Re: Crawling with Parallel::ForkManager by fullermd (Vicar) on Aug 07, 2009 at 21:53 UTC
Just because it's there when you try to load it at a different time, doesn't mean it was really available when the script ran. Specifically, "Service Temporarily Unavailable" suggests the server refusing your connection because it thinks you've already got enough (too many) connections open to it, which is one of the things to watch out for when you do big parallel fetches. Try reducing the amount of parallelism and see if it happens less often.	[reply]
Re^2: Crawling with Parallel::ForkManager by listanand (Sexton) on Aug 07, 2009 at 22:28 UTC
Thanks for writing. Well I try to access the webpages right after I stop (terminate, in this case) the program and not much later.

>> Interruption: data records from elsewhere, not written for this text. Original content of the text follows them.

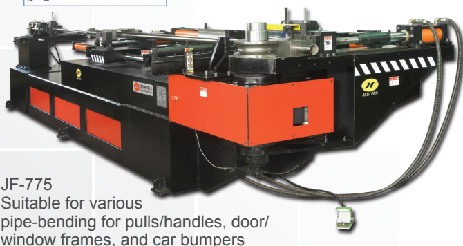
JF-775 Suitable for various pipe-bending for pulls/handles, door/window frames, and car bumpers

Jan Far's tube-processing machine is designed to work on tubes that are widely used in aircraft, transportation equipment (including tankers), buildings (including exterior wall cladding and escalators), tunnel engineering, furniture, refrigeration and air-conditioning products, sports equipment, entertainment facilities, power plants, petroleum-related equipment, water piping, sewage treatment facilities, landscaping, bridges, automobiles, motorcycles, bicycles, chemical engineering, iron processing, and fertilizer making.
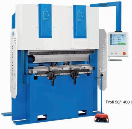
Profi 56/1400 CNC

The Profi 56 CNC models are available in 1000, 1400 and 2200mm bending lengths. The pressure of 56 tons takes place with 2 x 28 ton force cylinders. All CNC Profi 28/56 Press Brakes machines are equipped with the Cybelec CybTouch 12 as the standard control.
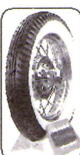
FIRESTONE WHITEWALL TYRES 19 OR 21"
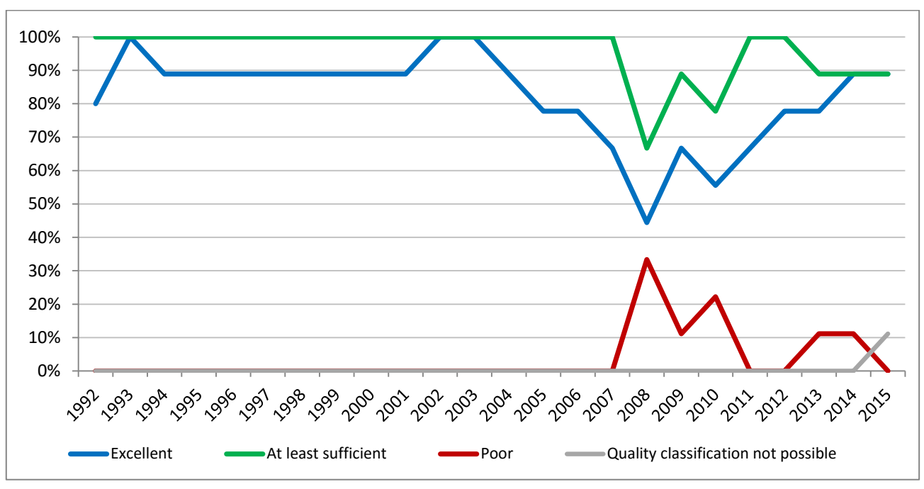
Figure 2: Inland bathing water quality trend in Ireland. Note: the "At least sufficient" class also includes bathing waters of "Excellent" quality class, the sum of shares is therefore not 100%.

88.9% of all existing inland bathing waters were of at least sufficient water quality in 2015. See Appendix 1 for numeric data.

You are right, when I spawn 3 child processes (I have 4 right now), in that case I see much less error messages. But even if I reduce it to 2 parallel connections, I still see error messages ! I can't think of a way out.	[reply]
Re^3: Crawling with Parallel::ForkManager by fullermd (Vicar) on Aug 07, 2009 at 22:44 UTC
It really just depends on why the server is giving you the cold shoulder. I went with the most obvious; number of simultaneous connections. If that's the case, dropping to 1 (i.e., not parallel at all) would resolve it. But it may do rate-limiting, shoving you away after a given number of responses in a particular time period. It may be server load dependent. It may just be flat-out random. Likely, the only way you can find out for sure what's up is by talking to the server admin. The best solution code-wise is to be adaptive; if you start getting errors, slow down, if you get no errors for a while, speed up. But that's a lot of work to get right.	[reply]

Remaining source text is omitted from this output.